- _Task directions_
Every line from the first one in the data below through the line holding "Ông Vũ Duy Nghĩa, Chủ" is to be written out exactly, with the pictures omitted.
▼
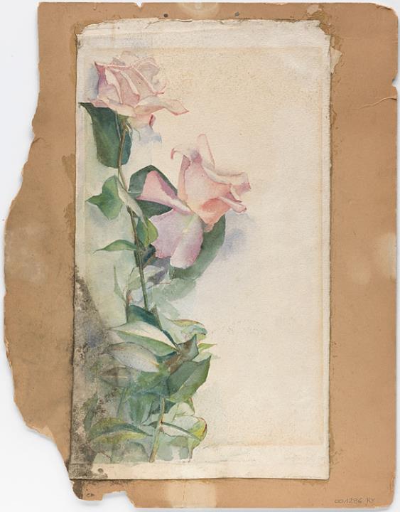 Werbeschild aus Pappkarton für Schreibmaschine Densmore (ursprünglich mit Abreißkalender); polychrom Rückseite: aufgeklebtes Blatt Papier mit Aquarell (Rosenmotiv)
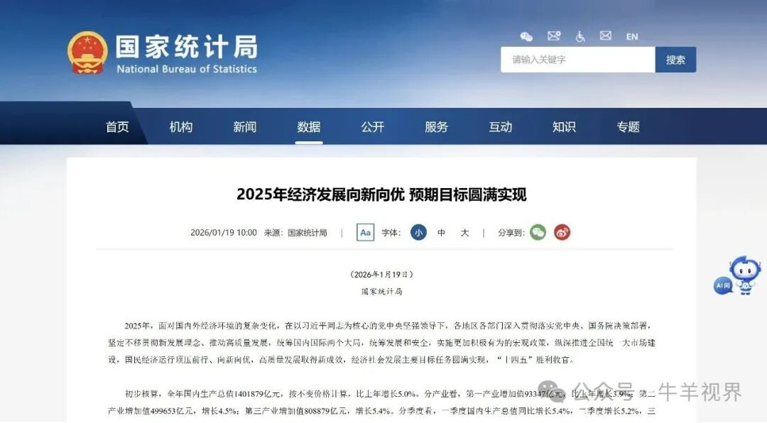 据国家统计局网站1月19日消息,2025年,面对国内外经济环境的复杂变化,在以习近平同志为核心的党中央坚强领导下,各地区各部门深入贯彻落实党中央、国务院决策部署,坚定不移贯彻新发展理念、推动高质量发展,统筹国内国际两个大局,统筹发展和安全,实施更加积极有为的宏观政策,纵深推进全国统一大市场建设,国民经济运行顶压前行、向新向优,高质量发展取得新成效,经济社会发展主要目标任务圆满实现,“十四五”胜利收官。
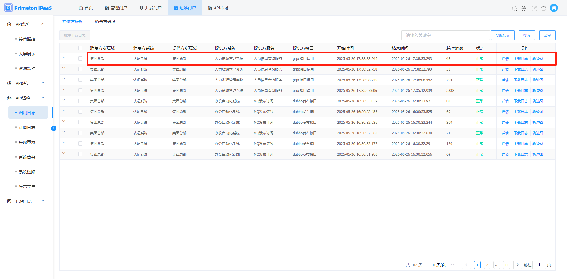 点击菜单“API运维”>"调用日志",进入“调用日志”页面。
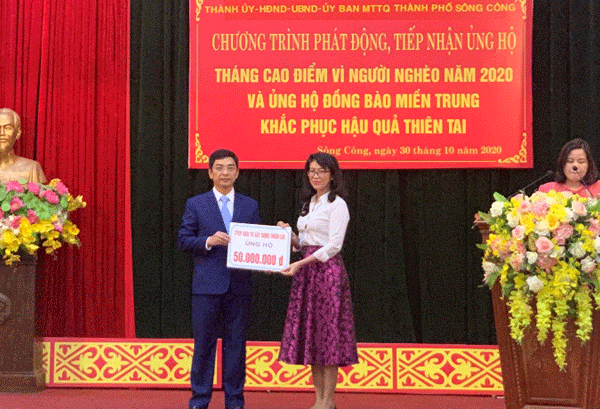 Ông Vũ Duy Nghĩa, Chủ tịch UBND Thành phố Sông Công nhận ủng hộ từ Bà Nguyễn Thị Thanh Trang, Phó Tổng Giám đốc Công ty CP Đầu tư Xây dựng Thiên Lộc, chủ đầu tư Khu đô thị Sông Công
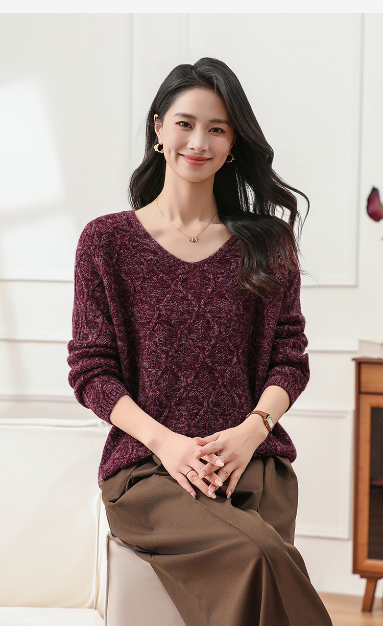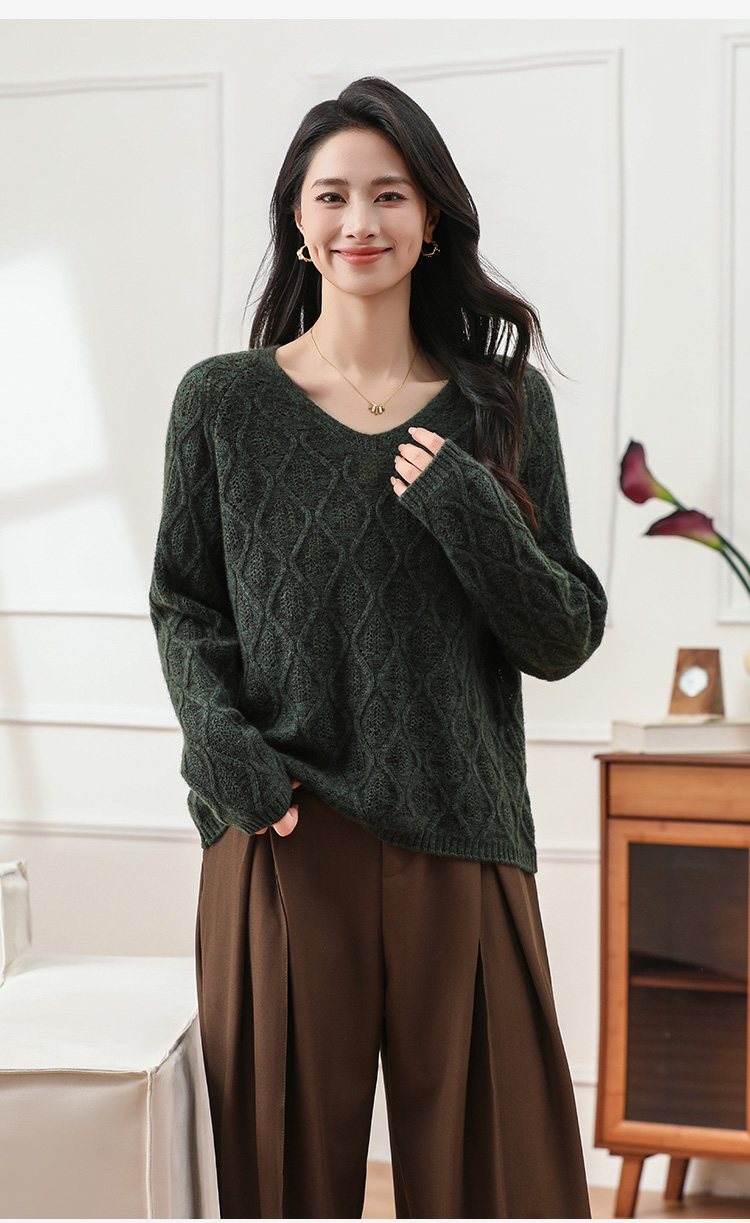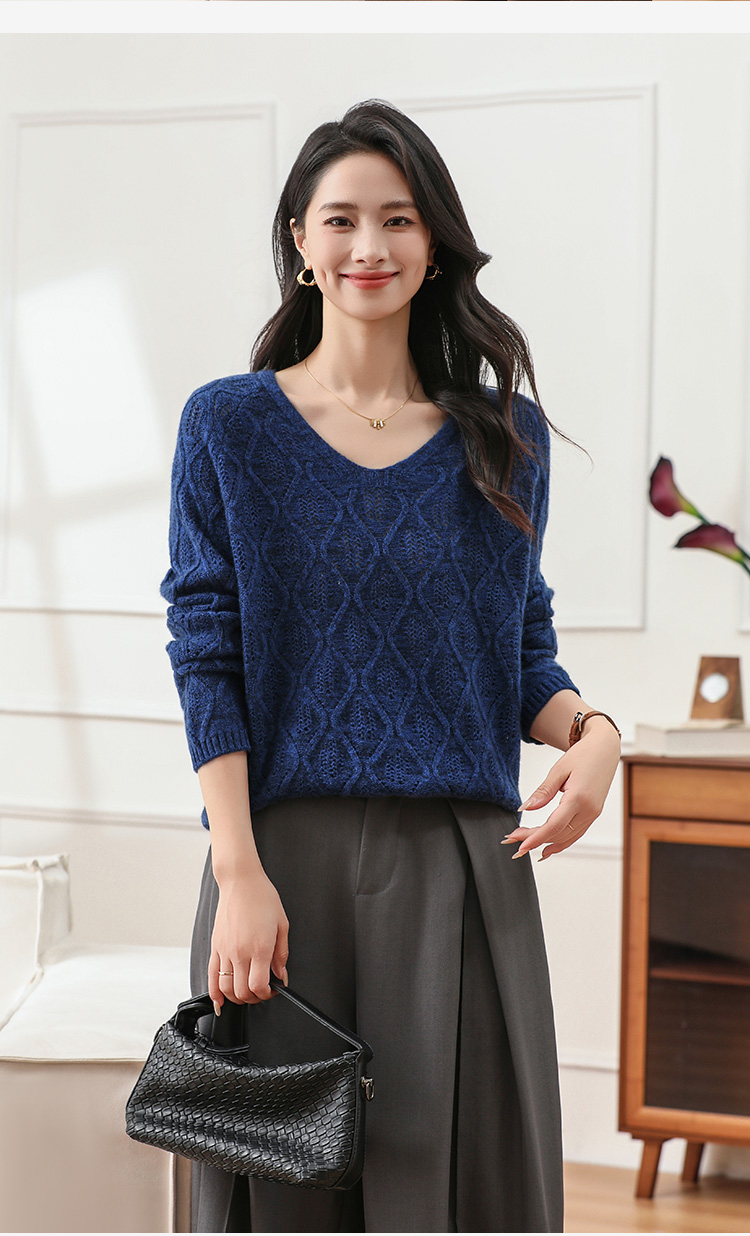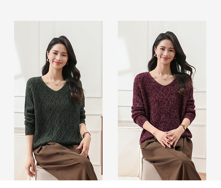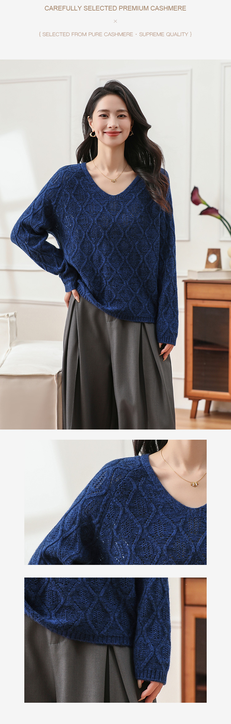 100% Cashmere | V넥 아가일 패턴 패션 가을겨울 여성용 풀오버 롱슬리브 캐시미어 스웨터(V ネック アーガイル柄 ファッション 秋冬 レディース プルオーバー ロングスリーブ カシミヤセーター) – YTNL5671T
▲
- _Solution_
 Werbeschild aus Pappkarton für Schreibmaschine Densmore (ursprünglich mit Abreißkalender); polychrom Rückseite: aufgeklebtes Blatt Papier mit Aquarell (Rosenmotiv)
 据国家统计局网站1月19日消息,2025年,面对国内外经济环境的复杂变化,在以习近平同志为核心的党中央坚强领导下,各地区各部门深入贯彻落实党中央、国务院决策部署,坚定不移贯彻新发展理念、推动高质量发展,统筹国内国际两个大局,统筹发展和安全,实施更加积极有为的宏观政策,纵深推进全国统一大市场建设,国民经济运行顶压前行、向新向优,高质量发展取得新成效,经济社会发展主要目标任务圆满实现,“十四五”胜利收官。
 点击菜单“API运维”>"调用日志",进入“调用日志”页面。
 Ông Vũ Duy Nghĩa, Chủ tịch UBND Thành phố Sông Công nhận ủng hộ từ Bà Nguyễn Thị Thanh Trang, Phó Tổng Giám đốc Công ty CP Đầu tư Xây dựng Thiên Lộc, chủ đầu tư Khu đô thị Sông Công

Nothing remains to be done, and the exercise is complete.